The upset over P’s birthday no longer seems so painful. I found out from S the other day that P really did want a small meal with his very closest friends, it’s just that he will be going on holiday with a number of people next week who are not his very closest friends, and he felt that he had to invite them to the meal on Wednesday, though he didn’t really want to. This made me feel a little better – it makes sense why I wasn’t automatically invited, though it still seems a little strange that at five years sober he is still going with the instinct to people-please at all. Well, it’s none of my business really. I don’t care as much as I did the other day, thanks to S’s comfort and support. He really was understanding when I opened up to him on Friday about how hurt I had been. He said I had every right to be upset, though my huge reaction was probably down to all the let-downs I’d suffered in the past: it wasn’t just about this one meal. In my teenage years I was never invited to anything, as everyone knows, and Wednesday reminded me of those experiences. I am made of my past, I can’t help that. S thinks I should have a little word with P about it, just to resolve the issue, but I haven’t felt comfortable enough to do that yet.

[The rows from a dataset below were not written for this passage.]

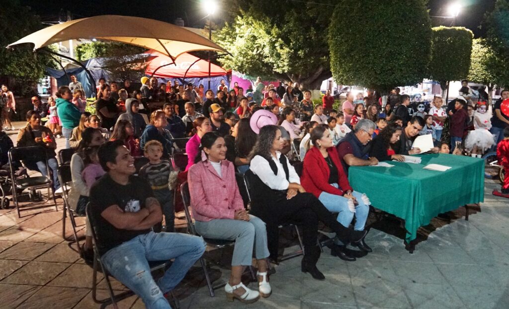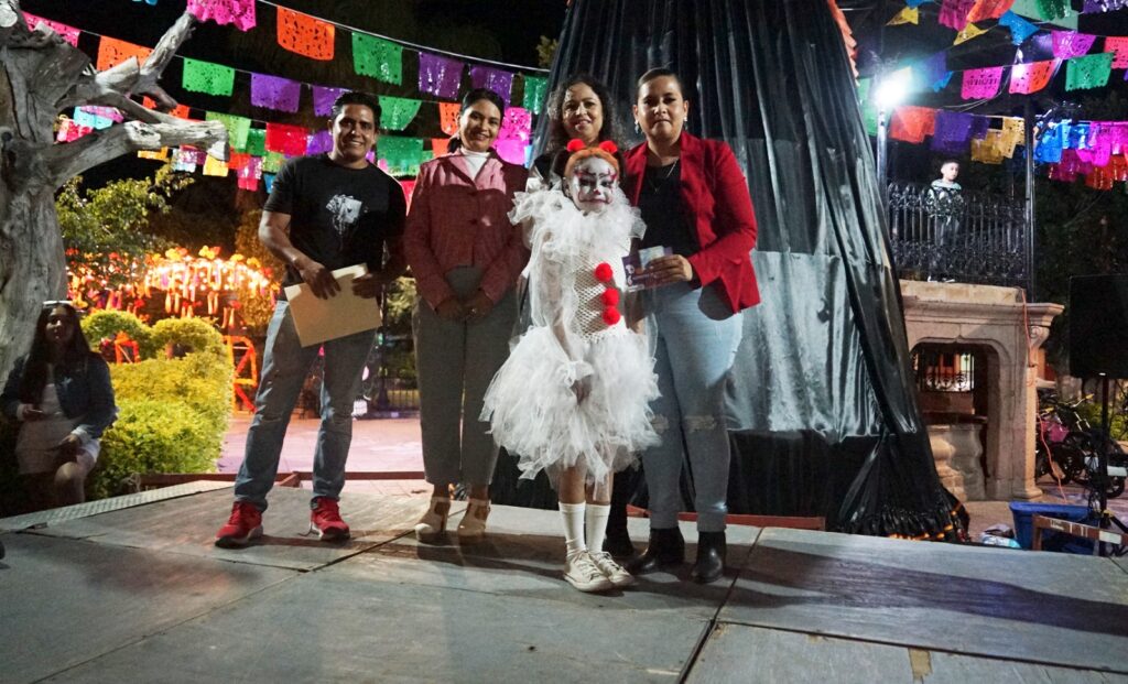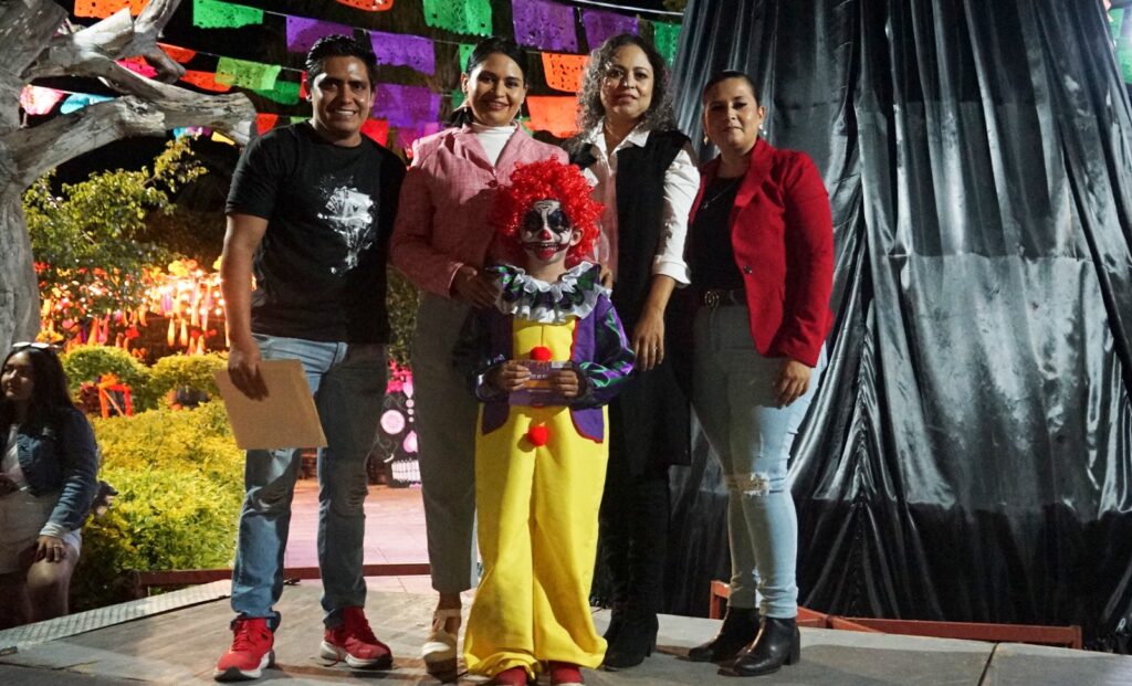 Gabriela Santa Cruz Rivera, Eder Guillermo Vargas Arriaga, Gustavo Núñez Andrade integrantes del jurado calificador que dieron como ganadores del 3er lugar a Emiliano Mejía Varela con su disfraz del hombre invisible, en 2do lugar a Kenia Jimena Chacón Vargas con su disfraz de payaso y como 1er lugar Mateo Ramírez Chávez con su disfraz del payaso Eso.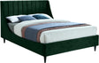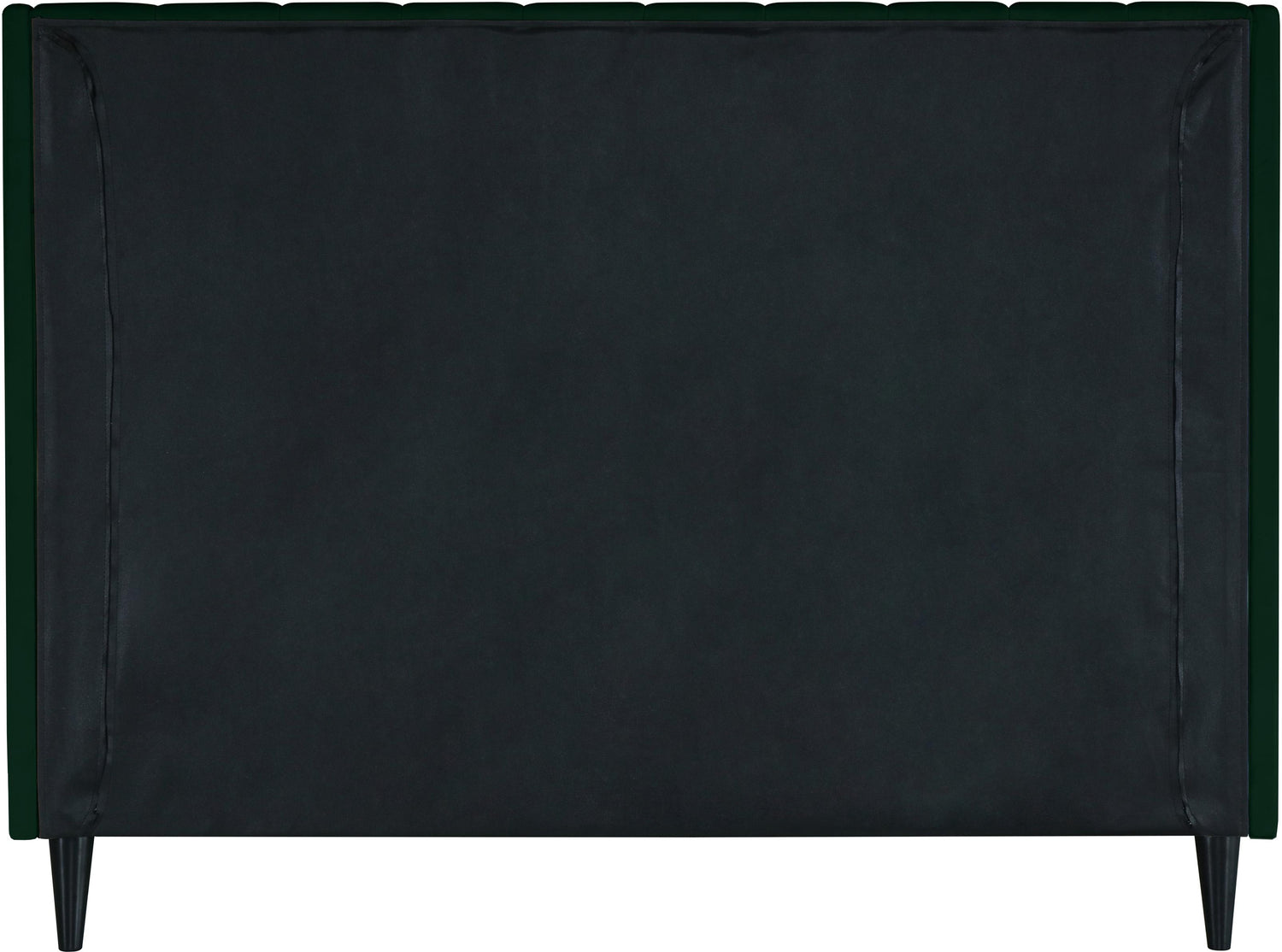 Snuggle up to a pet or other loved one in this richly upholstered Eva green velvet queen size bed for the ultimate in rest and relaxation. The wing back headboard has cushioned vertical deep channel tufting, and both the side rails and footboard are upholstered too for your comfort. Tapered black wood legs match the upholstery and support this contemporary bed, elevating it sufficiently that you can store items underneath.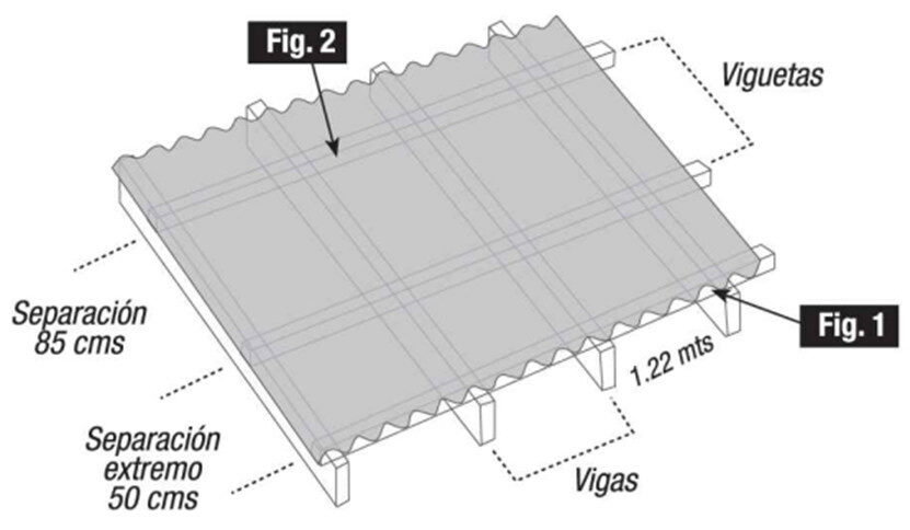 Se recomienda que la separación entre viguetas sea de 90 cms del borde de la cresta y surco y de 1.22 mts al centro del tramo.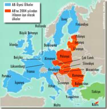 Avrupa Birliği, Avrupa Topluluğu üyesi 12 ülkenin 1992 yılında Maastricht’te imzalanarak yürürlüğe giren AB Antlaşması sonucunda kuruldu. 1995 yılındaki son genişlemesinden (Finlandiya, İsveç, Avusturya) bu yana toplam 15 üye ülkeye ve 3,2 milyon kilometrekarelik bir alan üzerinde 374 milyonluk bir nüfusa sahip. İsveç, Danimarka ve Büyük Britanya haricindeki 12 ülkede Euro ortak para birimi. 1 Mayıs 2004 tarihinde Avrupa Birliği’ne üye olacak on ülkeyle birlikte toplam nüfus 450 milyona çıkacak. Bir sonraki genişleme aşaması 2007 yılında Romanya ve Bulgaristan ile olması bekleniyor. AB 2004 yılı sonunda Türkiye’nin adaylık konumunu yeniden gözden geçirecek. Türkiye’nin koşulları yerine getirmesi durumunda, adaylığı için görüşmeler başlayacak.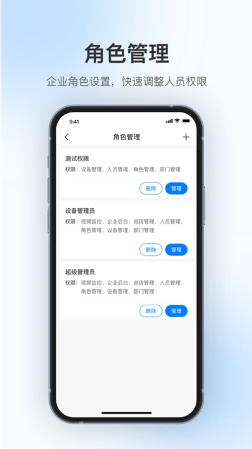 360视觉云通过以视频监控为基础,提供了企业管理、人员管理、部门管理、视频监控、云存管理、角色管理等6个基础管理应用。用户可以根据使用场景对企业进行定义,通过角色管理对企业成员赋予成员权限,设置管理员协助管理企业组织,快捷的管理企业。
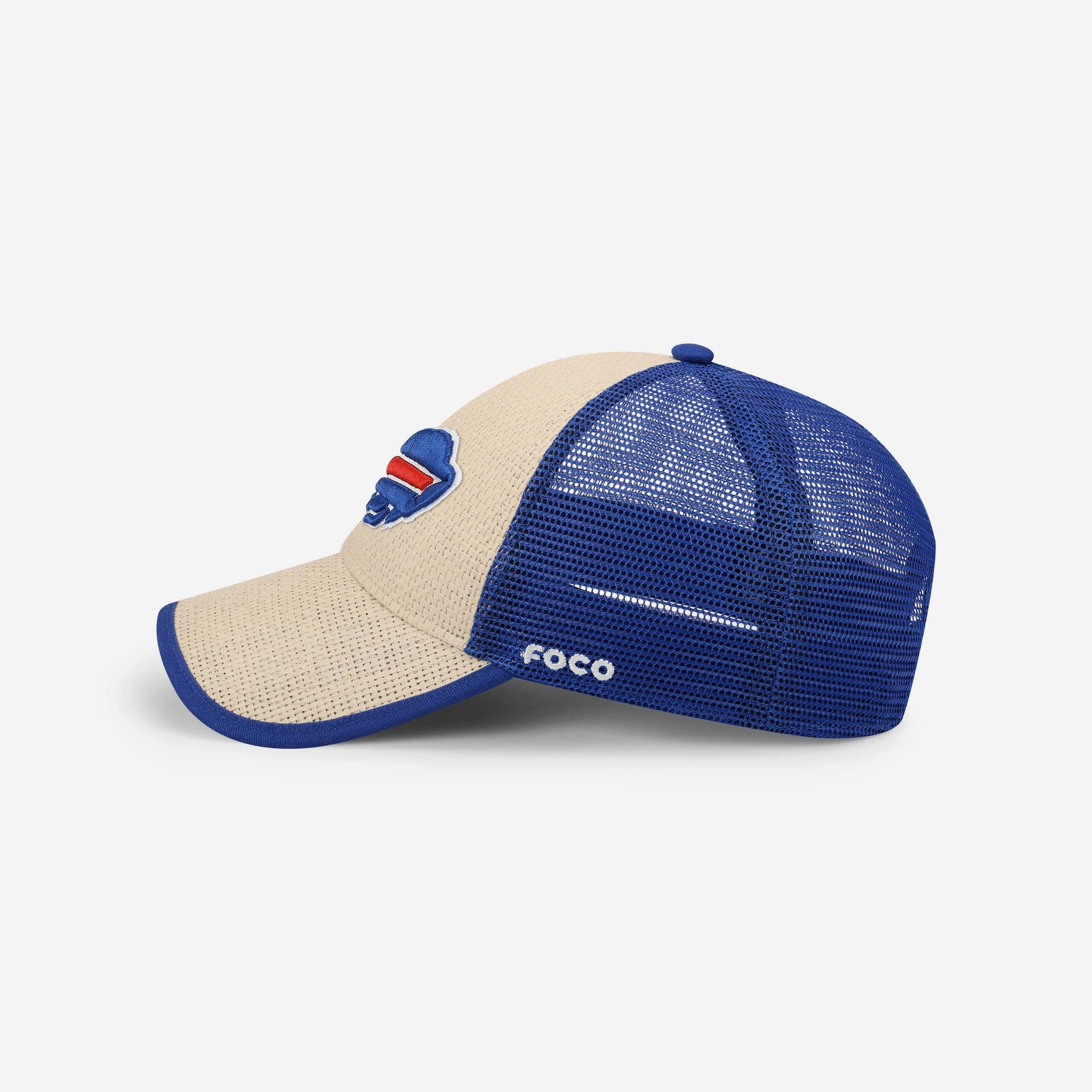 Whether you're behind the wheel of a big rig or in the stands at the game, this Buffalo Bills Straw Trucker Cap is just the thing for your outfit. Featuring an embroidered team logo display, a wordmark display, and an unstructured design with a curved visor and high crown, you’ll be all set to play the role of trucker and fan. Plus, the mesh panels and adjustable snapback snap closure makes this hat perfect for any adventure.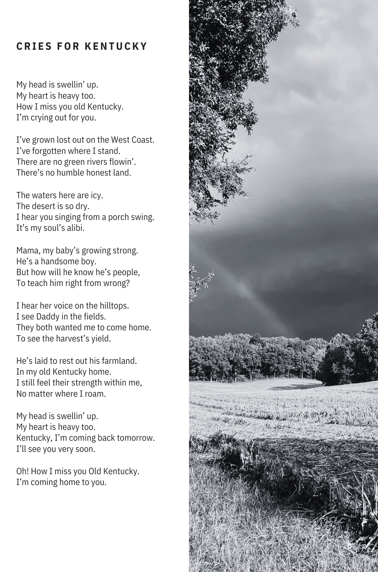 Bleed means that the content will extend to the edge of the page leaving no white trimming around the edges. If you are writing a book with images, backgrounds, and large graphics, for example, you would want the images to extent to the edge of the page. Here’s an example from my soon to be released poetry collection, “Kentucky Soulminer.”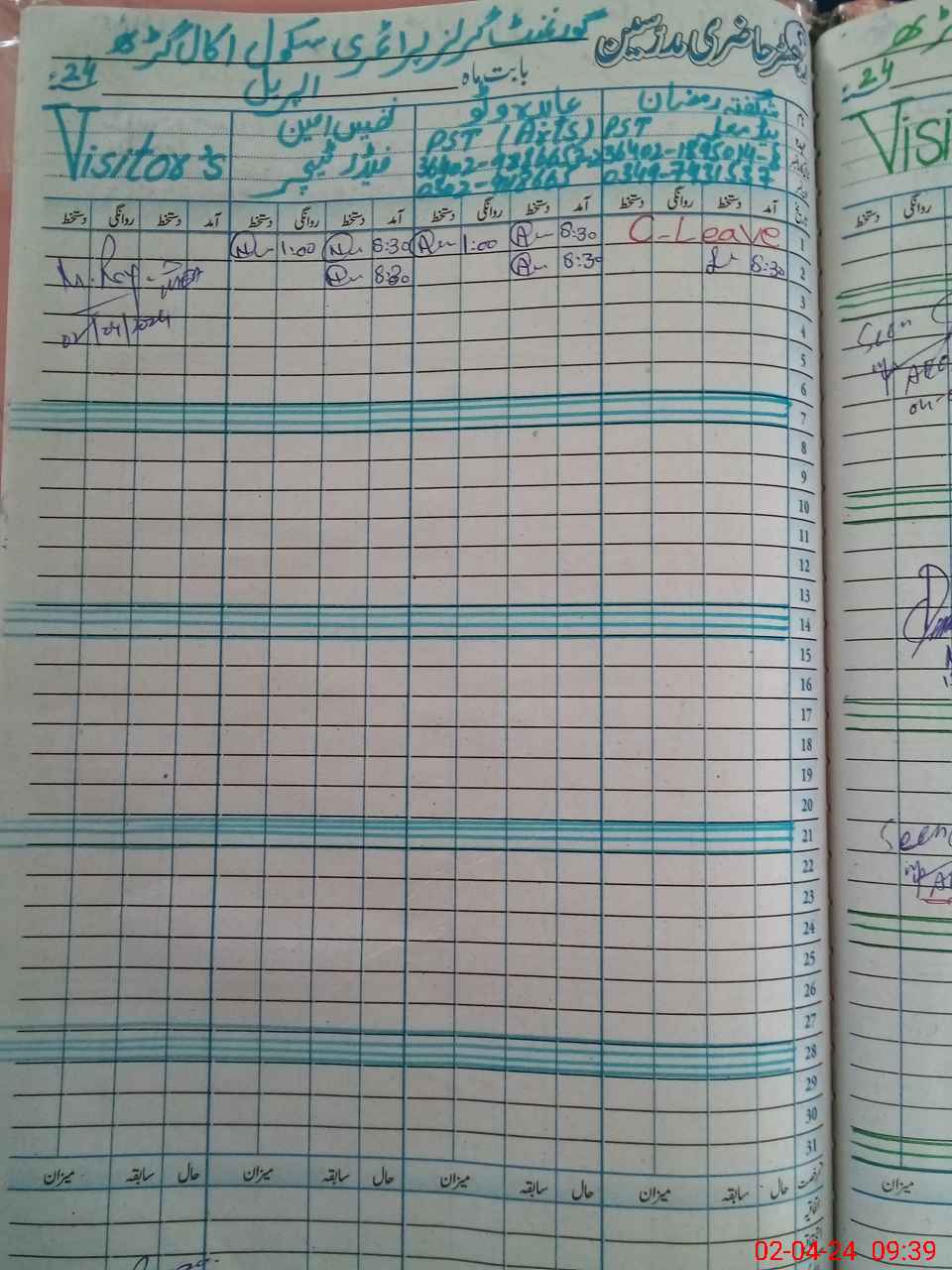 | CNIC | Full Name | Designation | R/C | Absence During Last Calender Month |

On Friday I had to go and sign on for state benefits for the first time. I have not been able to find a job since I graduated from University, and it was only a matter of time before I got to the stage where I needed to take this step. I wasn’t thrilled to have to go to the job centre and sign on alongside all the other unemployed of North London, given that when I had to do it four years ago I endured the highly unpleasant experience of having my benefits stopped because I had previously resigned from a job. Luckily that isn’t on my record any more, but I still don’t love the idea of signing on every two weeks. It feels very strange going back there. I returned to University in 2005 specifically so that I didn’t have to do this again. Oh well, everyone tells me there’s no shame in it. I really need the money, and it’s not like I haven’t searched high and low for work this summer.
By Friday afternoon I guess I was feeling pretty low. I hadn’t fully got over the incident with A yet, I was still hurting over P’s birthday meal, and I felt some shame over my continuing lack of employment. Then I was able to have a good long chat with S, which really helped; I had to make myself vulnerable to him, I couldn’t keep anything back, and it really worked, because he confirmed for me that I am loved and that I’m not alone. Then that evening I had a second date with the cute guy who had messaged me on facebook the week before. To get to a second date without jumping into bed was quite something. We went to see a movie, and we held hands in the dark, and that was it. It was very sweet. Hopefully I’ll see him again next week.
Yesterday I had lunch with my dad in town, which was also very nice. We’re getting on so well, it’s unbelievable. He’s not as quiet and withdrawn as he used to be. Or maybe it’s me who’s changed. I feel a lot more comfortable around him these days. I can’t help thinking that this wouldn’t have happened if it wasn’t for recovery. I have no expectations of him now, I don’t feel like he owes me anything any more. We’re on an equal footing these days, and it’s wonderful. Who knows where it will go?
I’m starting the steps again with my new sponsor later today. We’ll do the first three steps together in rapid succession; I’m looking forward to it. I really like my new sponsor. Unfortunately he’s going away for a while next week, and I might not be able to do step 4 and 5 with him until late September. My instant reaction to the news was disappointment, because it means yet more waiting around, stalling in the middle of the steps. Then I remembered that I waited all year to finish it with my previous sponsor, so surely I can wait a bit longer. Surely all of this is teaching me how impatient I really am. We’ll finish the steps eventually, all in good time. At least he wants to work with me. There’s no need to panic.